“Your turn,” he snarled at Pescoli. “I’ve been waiting a long time for this!”
“Drop your weapon, Cort. It’s over.”
“For you.”
“You’re really going to kill me in front of your daughter?”
He didn’t even flinch and she saw his finger move to pull back the trigger.
Automatically, she dropped and rolled, her gun aimed at him.
Blam!
He pulled the trigger.
She fired back at the same moment, gunfire deafening in the still air.
Her shot went wild, over his head. She aimed again but before she squeezed the trigger, another rifle cracked.
As Heidi screamed, Brewster fell to his knees, blood blooming on his chest, the spit foaming from the corner of his mouth turning red. His eyes were wide and disbelieving as he staggered, firing wildly once more.

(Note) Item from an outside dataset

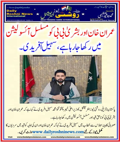 پاکستان(ڈیلی روشنی نیوز انٹرنیشنل ) وزیر اعلیٰ خیبر پختونخوا محمد سہیل افریدی نے کہا ہے کہ عمران خان اور بشریٰ بی بی کو ناحق قید اور مسلسل آئسولیشن میں رکھا جا رہا ہے۔

Then the weapon fell from his hands and he sagged into the snow, flopping forward as his sobbing daughter raced toward him.
“Stay away!” Pescoli yelled, her Glock trained on his still-moving body.
Heidi ignored her. Out of her mind with grief, she ran screaming and crying toward the fallen man who lay groaning and writhing in the snow.
Flinging her body next to his, she was whimpering and crying. “Daddy, oh, Daddy, no, no no.” Tenderly, she cradled his head to her body as she rocked back and forth.
In the distance, sirens screamed, but it was too late for Cort Brewster. Spittle, turning red, foamed at the corner of his mouth, and his eyes, though open, were beginning to fix upward, toward the heavens.
“Daddy, please! Don’t die! You can’t die!” Heidi cried, then looked up to a space behind Pescoli. “You killed him!” she screamed. “You killed my dad!”
Hearing the crunch of a boot in the snow, Pescoli turned to spy her son, shaken and white, standing just five feet behind her. The butt of a rifle was pressed to his shoulder and he still stared through the sight of the damned gun Luke had bought him for Christmas.
Epilogue
“So, after all that, you’re not going to quit?” Alvarez asked Pescoli a week after Brewster was finally arrested. They were having lunch at Wild Wills at a table with a view of the falls. The place was full, waitresses scurrying from table to table, the clink of flatware and rattle of glasses competing with the buzz of conversation.
“Just cut back some. Work more normal hours, if I can. That’s what I promised Santana. And now that Brewster’s out of the picture, I think I can make it happen.” Pescoli, starved as usual, was halfway through a chili dog while Alvarez picked at a root vegetable salad.
“It’s lucky he didn’t know about Verdago calling his hit list his Dirty Half Dozen. That’s what really got me thinking, when Wanda mentioned it,” Alvarez admitted. “Why were there seven pictures, not six? It didn’t make sense. Obviously the pictures were Brewster’s, but he wanted it to look like they were from Verdago’s hit list. Verdago never had any photos. That was all Brewster. He figured he’d just add a couple extra to the mix, and he went to great lengths to find pictures of people he wanted dead. Fortunately for him, some of them overlapped with Verdago’s list.”
Pescoli thought back to Brewster standing naked in the cabin and still trying to convince her how smart he was. “He almost got away with it. His list was only three people who just happened to be on Verdago’s list, too: the judge, because she was pressuring him to get a divorce; Grayson, because Brewster wanted his job; and me, because basically he doesn’t like me. I’d made mention of thinking about becoming a PI and he couldn’t have that. I’d be all over him eventually. My gut always told me that something wasn’t right with him. He knew it. And my resignation would never have been enough for him. He wanted me in the ground.”
“You’re too good an investigator to have out there loose.”
“Let’s not forget I’m Jeremy’s mother.”
Alvarez nodded. “He would have kept coming after you.”
“Yeah,” Pescoli said soberly.
Miraculously, Brewster had survived the attack and was in the hospital, under tight security and awaiting arraignment. Though he’d come out of his coma, he wouldn’t be able to walk for a long time, if ever. His spinal cord had been compromised by Jeremy’s bullet, which was still lodged in his spine.
The rumor mill had it that his wife was leaving him, and as the scandal erupted about her husband not only being a adulterer, but a murderer as well, she’d taken Heidi and moved out of state to live, at least temporarily, with her sister in San Leandro, California.
Jeremy and Heidi had been in contact, however, though she hadn’t forgiven him for shooting her father. Pescoli felt badly for the girl, but hoped beyond hope that she found some surfer dude or other California type to take her mind off of her son and the tragedy in Grizzly Falls.
Jeremy, it seemed, rather than being turned off by the experience, was more determined than ever to become a cop. Come spring term, he was starting school full-time and was still volunteering at the department. He’d also become a bit of a hero over the events at Brewster’s cabin, and that led to being hired back at Corky’s Gas and Go.